Il n'a pas grand chose à court et moyen terme à craindre des Pecresse, Juppé et Bertrand qui sont aux LR ce qu'est la vérole au bas clergé et d'ici 2022, l'eau aura coulé sous les ponts. Par contre, là où Wauquiez a manqué de jugeote, c'est en s'attaquant à Sarkozy; chez les LR, on ne touche pas à l'icone. Mais d'un autre coté, voilà qui pourrait plaire à tous ceux de droite, de la vraie droite, et du FN qui ne peuvent pas piffer l'ancien président. Alors bon calcul ou pas ? On verra. Ce qui est sûr c'est que les propos tenus ne peuvent, normalement, que satisfaire ces mêmes gens, ceux qui ne supportent plus ces faux droitards, ces ventres mous, les Bertrand, Juppé, Raffarin, Solère, Riester, de Calan et consorts. C'est peut-être bien l'objectif de Wauquiez: (re)conquérir tous ces gens-là, y compris ceux qui vivotent encore dans un FN en pleine déconfiture. Pourquoi pas...

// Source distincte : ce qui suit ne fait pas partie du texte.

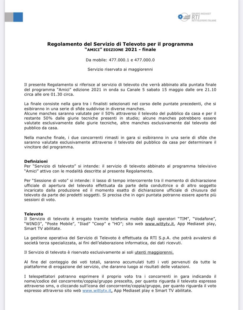 Il suddetto regolamento mette nero su bianco, però, che la sfida finale fra i due concorrenti rimasti in gara dovrà essere giudicata unicamente dal televoto del pubblico da casa che sarà unico giudice:
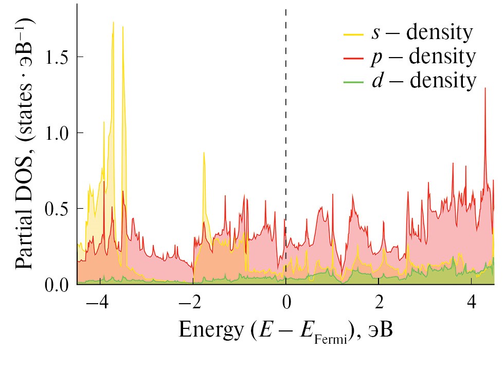 Рис. 5. Частичная плотность электронных состояний, образованная атомами бора. Вертикальной пунктирной линией отмечен уровень Ферми.
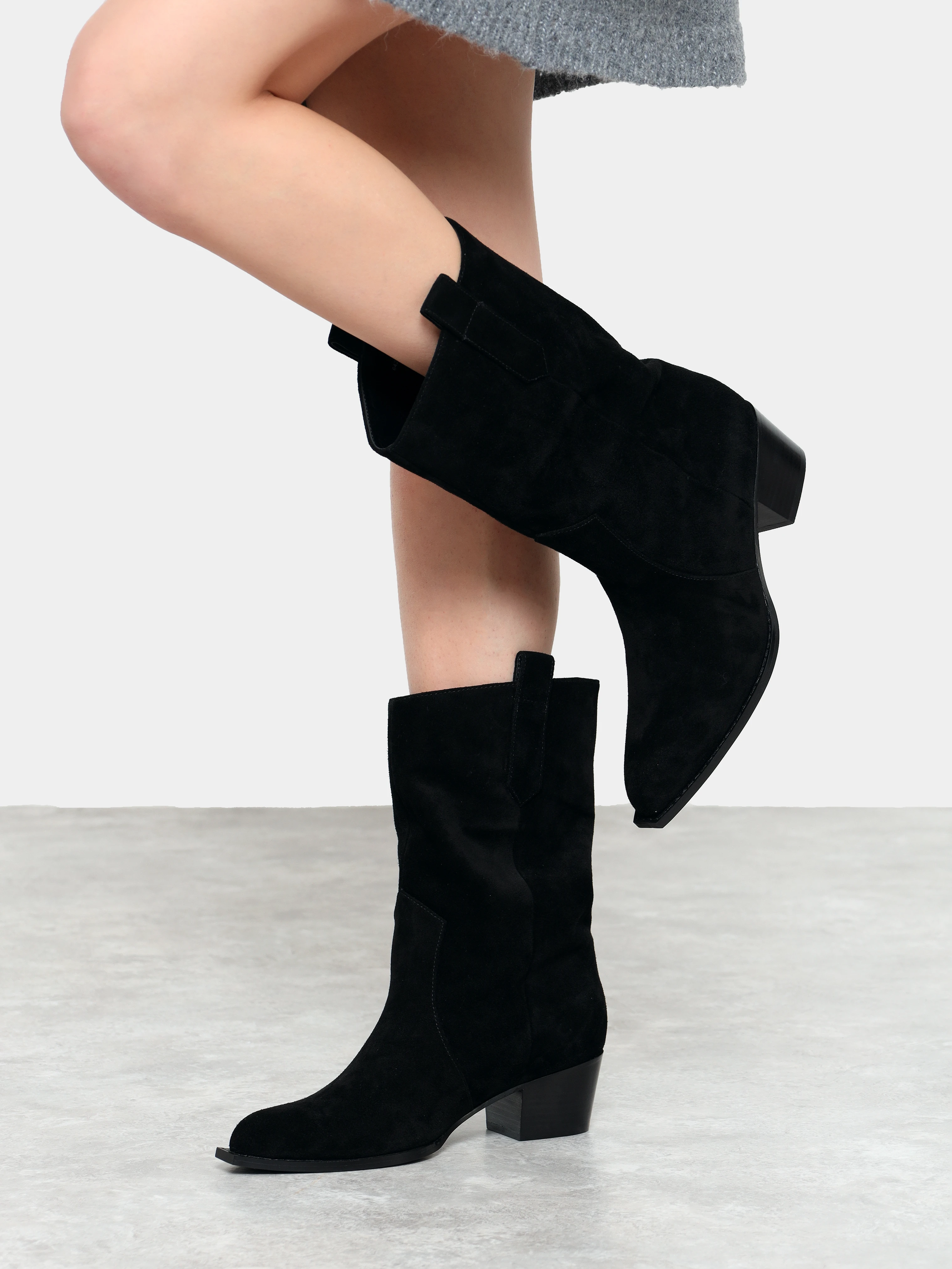Сапоги женские демисезонные, цвет черный, натуральный спилок
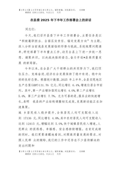 / 【七哥公文】2025年:在县委2025年下半年工作部署会上的讲话+更多免费公文+VX:QiGeGongWen2024
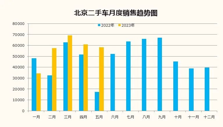 5月份北京市二手车成交过户 5.82 万辆次,环比下降 4.63%,同比增长 135.19%,新旧车比为 1:1.17。
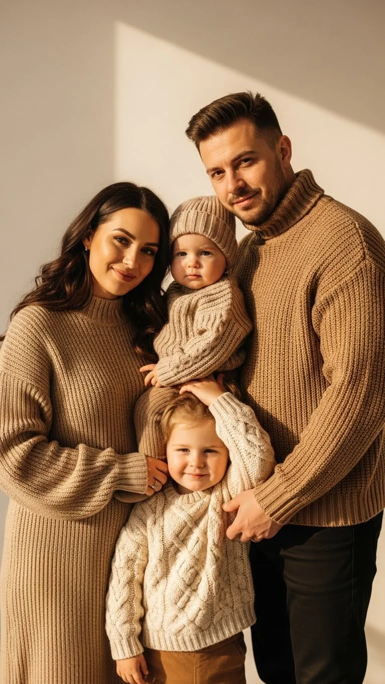 Sweater outfits make photos look warm and natural. Adults can wear chunky knits while kids wear sweater dresses or matching pullovers. Mix neutral tones or choose one color family. Add leggings, boots, or simple headbands to tie the look together. If you want to save, use existing sweaters and add layered scarves to create depth. This outfit style works for both indoor and outdoor shoots.

Wauquiez a parlé devant ses jeunes étudiants sans langue de bois, cash; bref il a fait ce que tant de gens espèrent depuis trop longtemps. Reste à savoir s'il continuera ou si, dès ce soir à 19h sur BFM, il nous fera du bulshit. J'ose espérer qu'il est aussi intelligent qu'on le prétend... J'attendrais donc ce soir pour me prononcer...

En attendant pendant que l'on nous saoule avec ce pseudo scandale, jusqu'à en faire vomir certains d'entre nous, on ne parle pas du reste et c'est peut-être bien là l'essentiel !

NB: à lire, en complément, le billet de Maxime Tandonnet: Sur les ruines de la politique française.


(photo ci-dessous, Marseillaise finale au congrès fondateur Les Républicains, mai 2015)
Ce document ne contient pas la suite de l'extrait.